If you have more than one chainsaw, I would invest in a good digital tach and tune them yourself. They run about $90 but a good tach can save you from a too-lean running saw and burning up a cylinder. I use a TECH-TACH TT-20K, a wireless hand held tach.


----------



## LLigetfa (Jan 13, 2012)

StihlHead said:
			
		

> Den69RS96 said:
> 
> 
> 
> ...


The OP mentioned one minute or two, not hours.  Hard to imagine a coil could heat up in that short a time.



			
				the bull said:
			
		

> i have a stihl ms 250 chainsaw that will start and run fine for a min or two and shuts off and wont start . anyone having this trouble


----------



## StihlHead (Jan 13, 2012)

Yah, in my experience, "the saw runs for a minute or two and dies" are typically impusle line problems, as the gas in the carb is sucked dry and the impulse line does not feed it. That was my point, or I thought... 

The longer run time failures can be several things, such as the heat vapor locking the carbs, ignition modules overheating, etc. The 025/250s have a heat shield between the muffler and the engine that the 210 does not have. They (the 025/250s) get hot. The 1123 line of saws also have the summer/winter flippey thingey between the spark plug and the air filter. You want them in the right position. I tend to leave them in summer mode, as I do not cut much when it is below freezing. Supposedly it helps keep the carb from icing up in winter but I leave my saws in the garage and they are never at outdoor temperatures when I run them in winter. The summer/winter flippy thingey is a loose piece in that line of saws too, so they tend to get lost over time.


----------



## MasterMech (Jan 13, 2012)

Grannyknot said:
			
		

> I'm having similar problems that the OP is having, except mine runs decent for about 10 minutes (smokes a little), starts to get weak, and then shuts down and won't start until the next day.

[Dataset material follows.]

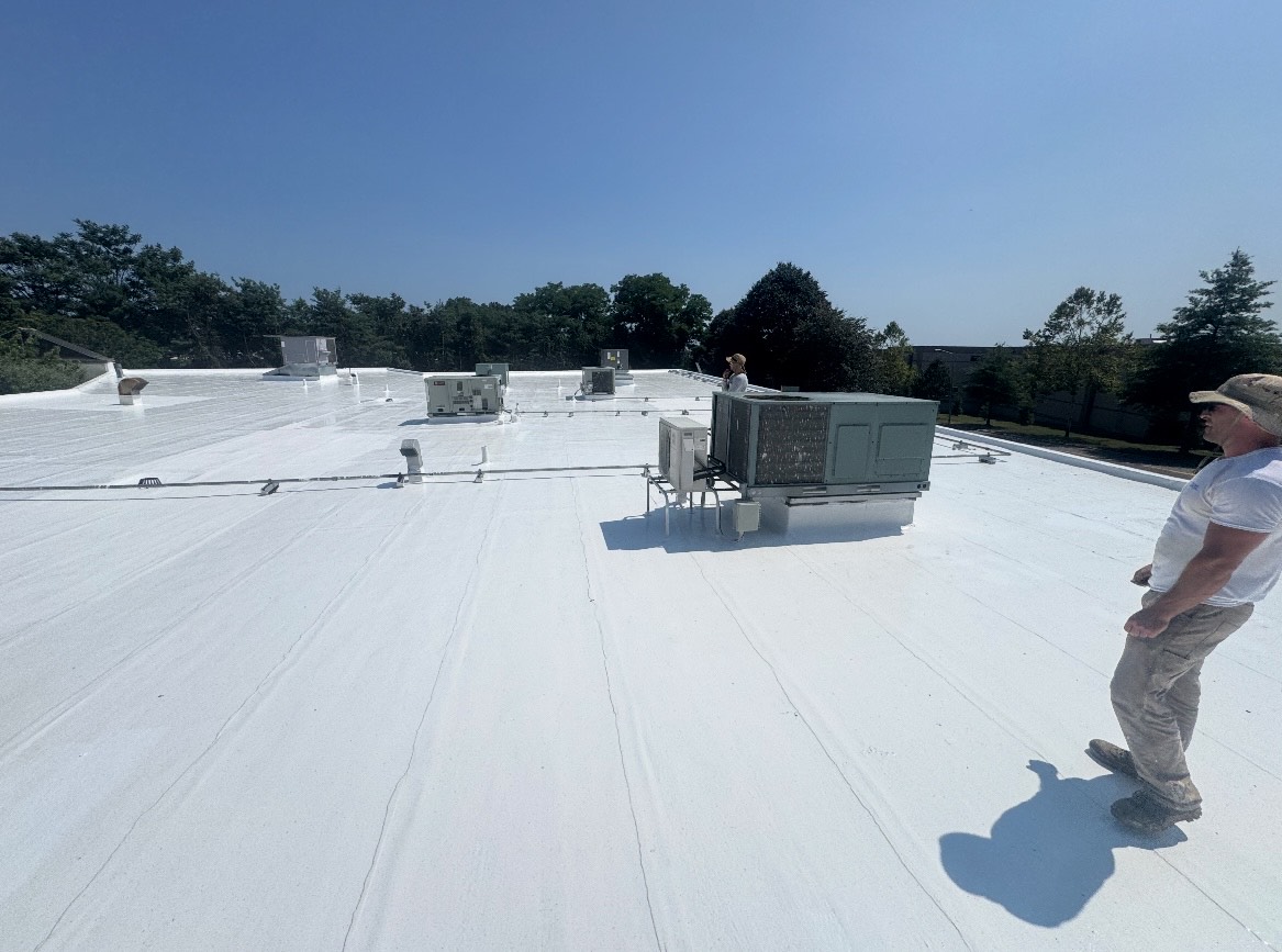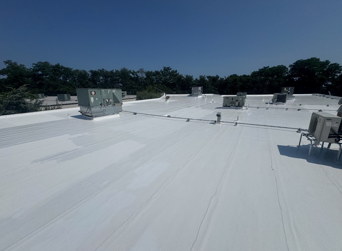 This roof was leaking in several areas, affecting offices below. The building had previously been capped with a second roof, but workmanship issues in that installation caused system failures. With a legal third layer of roofing, we encapsulated the existing system- no tear- off required- and provided a 20 year manufacturer warranty. This project highlights the efficiency and cost savings of our legal third layer roofing approach.

My money is on ignition for that one.  Impulse line issues would create problems that aren't so... repeatable.  Eventually the coil will crap out completely.  Run the saw until it dies then immediately check for spark.  There be the answer you seek.


----------



## Grannyknot (Jan 13, 2012)

MasterMech said:
			
		

> Grannyknot said:
> 
> 
> 
> ...



As in, I probably need to think about getting a coil?


----------



## woodywoodchucker (Jan 15, 2012)

the bull said:
			
		

> i have a stihl ms 250 chainsaw that will start and run fine for a min or two and shuts off and wont start . anyone having this trouble


Just had mine gone through. It had a bad fuel line.The fuel line is around $50.


----------



## MasterMech (Jan 15, 2012)

Grannyknot said:
			
		

> MasterMech said:
> 
> 
> 
> ...



Check it for spark right after it dies before you go buy that coil.  If you still have spark then you should check out the fuel lines.


----------



## MasterMech (Jan 15, 2012)

woodywoodchucker said:
			
		

> the bull said:
> 
> 
> 
> ...



WHOA! :bug:  You need to find a better dealer my friend.  That line should be around $12-$15.  Did that price include labor to install it?


----------